Alguns analistas militares russos afirmam que o navio já era antigo e que sua perda, do ponto de vista militar, não seria tão grave. O livro branco do projeto de modernização da marinha russa, entretanto, previa que os navios da classe ficariam em serviço ao menos até 2030, depois de modernizados. Para agravar a situação russa, o navio não pode ser substituído no atual teatro de guerra, já que a Turquia fechou os estreitos para navios beligerantes que não sejam baseados no Mar Negro.
O prestígio militar russo está entre a incompetência de ter a nau-capitânia do Mar Negro afundada por mísseis lançados de terra, por um país sem marinha viável, ou a negligência de uma explosão acidental no paiol ter levado ao afundamento
E claro que, dentre todos os golpes mencionados no prestígio e na moral russa, não se pode esquecer da vitória da propaganda ucraniana. No início da guerra repercutiu bastante o episódio envolvendo a Ilha da Serpente, no Mar Negro, quando uma guarnição ucraniana respondeu no rádio dizendo “navio de guerra russo, vá se f****”. O episódio se tornou um slogan, com a frase em cartazes em manifestações pela Europa, e retratado em um novo selo postal ucraniano.

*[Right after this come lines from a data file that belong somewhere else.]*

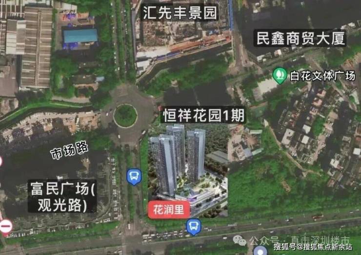 项目位于光明街道观光路北面富民大道路东面(与龙华观澜一路之隔),推广名为:《花润里》原白花社区征地返还用地地块二,规划总建筑面积8.25万㎡,共建设3栋32层住宅、1栋4层幼儿园、1栋4层商业裙房以及社区健康服务中心、物业用房及地下室等。是集住宅、商业、社康、老年日间照料中心等于一体的综合体建筑。
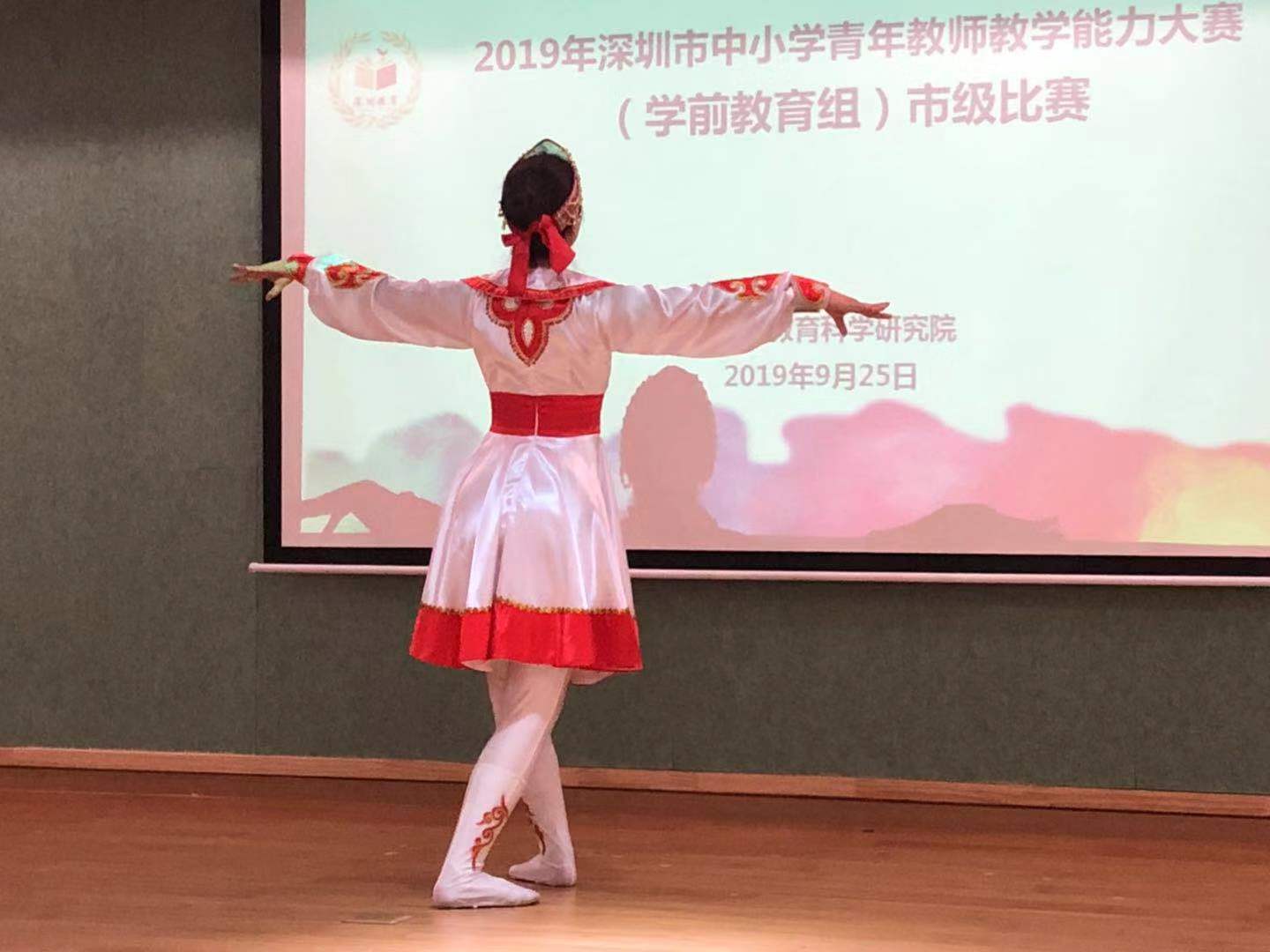 本届幼儿园青年教师教学能力大赛分两天进行,并围绕《3-6岁儿童学习与发展指南》、教师基本功、观察与分析能力等进行说课、抽题答辩、才艺展示、活动观察与分析,全方面考究参赛教师的综合教学能力。 姗姗老师在比赛过程中从容镇定,经过第一天说课、答辩、才艺展示三个环节的角逐后成功晋级决赛。在活动观察与分析环节中,姗姗老师用心观察、细致记录,在分享与答辩环节中有针对性、多维度地结合案例进行分析,获得评委们的一致认可。
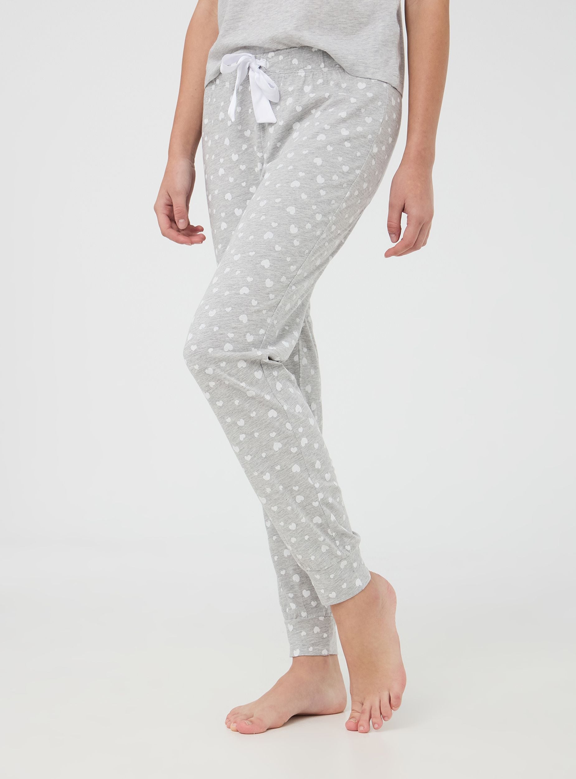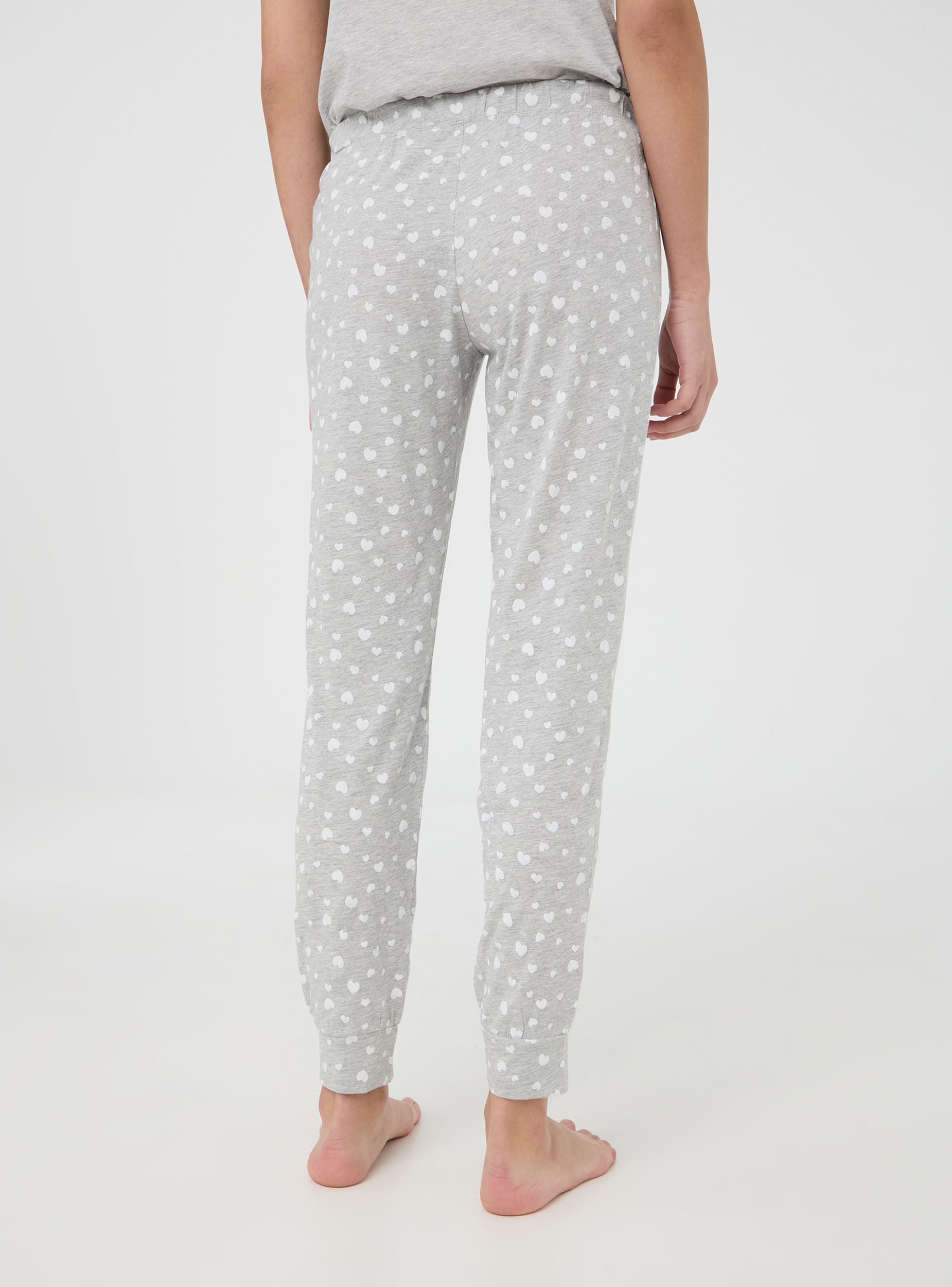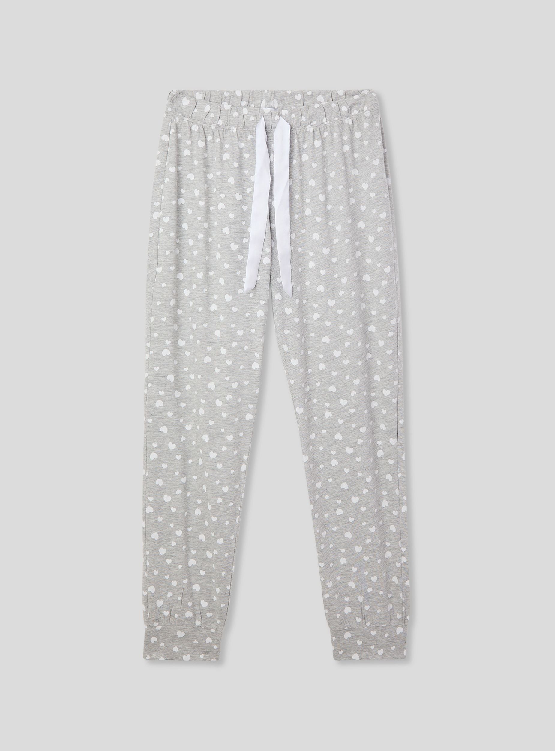 Pantaloni lunghi del pigiama da donna ideali per rilassarsi a casa o per notti confortevoli. Decorati con una romantica stampa cuori, offrono un design funzionale grazie all'elastico in vita con coulisse regolabile. I polsini alle caviglie assicurano una vestibilità perfetta, unendo stile e comodità per i tuoi momenti di relax.Dettagli
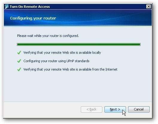 Panduan Akses Jarak Jauh dimulai agar Anda dapat memulai dengan mudah. Ini memverifikasi situs web jarak jauh Anda tersedia dan mengkonfigurasi router Anda menggunakan standar UPnP.
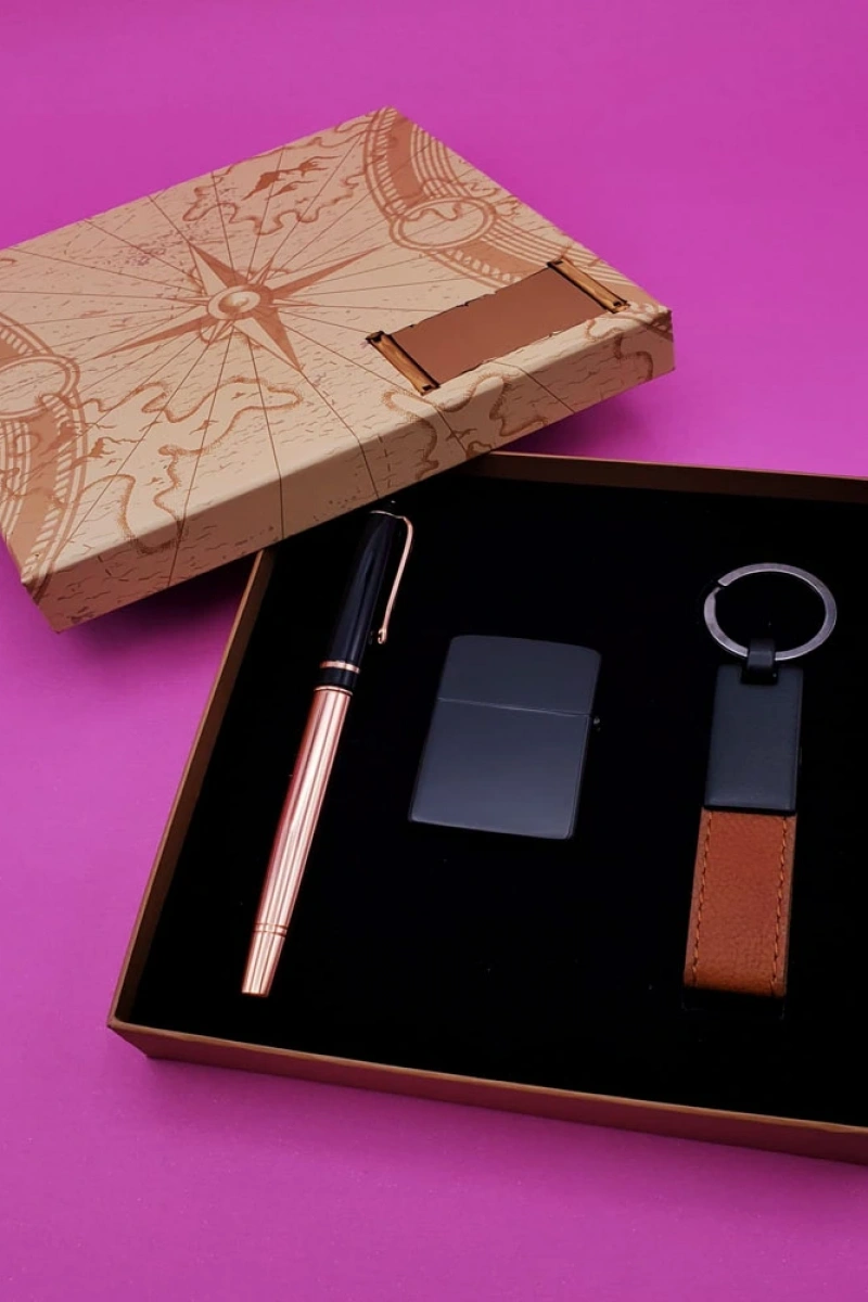 VIP 3'LU HEDİYE SETİ Ürün ÖzellikleriVIP 3'lü hediye seti, şık ve kaliteli tasarımıyla öne çıkmaktadır. Setin içerisinde yer alan kalem, anahtarlık ve çakmak, kaliteli metal, deri ve mukavva malzemelerden üretilmiştir. Kalem metal malzemeden yapılmış olup roller kalemdir. Çakmak ise siyah mat zippo modelidir ve benzinsiz olarak gönderilmektedir. Setin tamamı kişiselleştirilebilir ve özel lazer baskılarla isim yazılabilir. Set, özel kutusunda özenle sunulur ve hediye olarak mükemmel bir seçenektir.Paket İçeriği1 Adet VIP 3'lü Hediye Seti

Pois bem, o navio russo daquele episódio era justamente o Moskva.
É curioso como a história recente russa é marcada por episódios envolvendo navios capitais. O cruzador Aurora, ancorado em São Petersburgo, efetuou os disparos que iniciaram a Revolução de Outubro de 1917. Anos antes, em 1905, o motim no encouraçado Potemkin foi um dos eventos mais marcantes da revolução daquele ano, que impôs uma Constituição que limitava o poder do czar. Revolução essa deflagrada com a humilhante derrota perante o Japão, vitorioso na guerra de 1905 após a batalha naval de Tsushima.
Claro, não é uma comparação direta do afundamento do Moskva com uma das mais decisivas batalhas navais da história recente, até por não sabermos exatamente em quais circunstâncias se deu essa perda, especialmente sobre a eventual perda em vidas. O que podemos afirmar é que é uma perda notável, tanto militar, quanto simbólica e de propaganda, em uma guerra que se torna cada vez mais custosa e arrastada para a Rússia.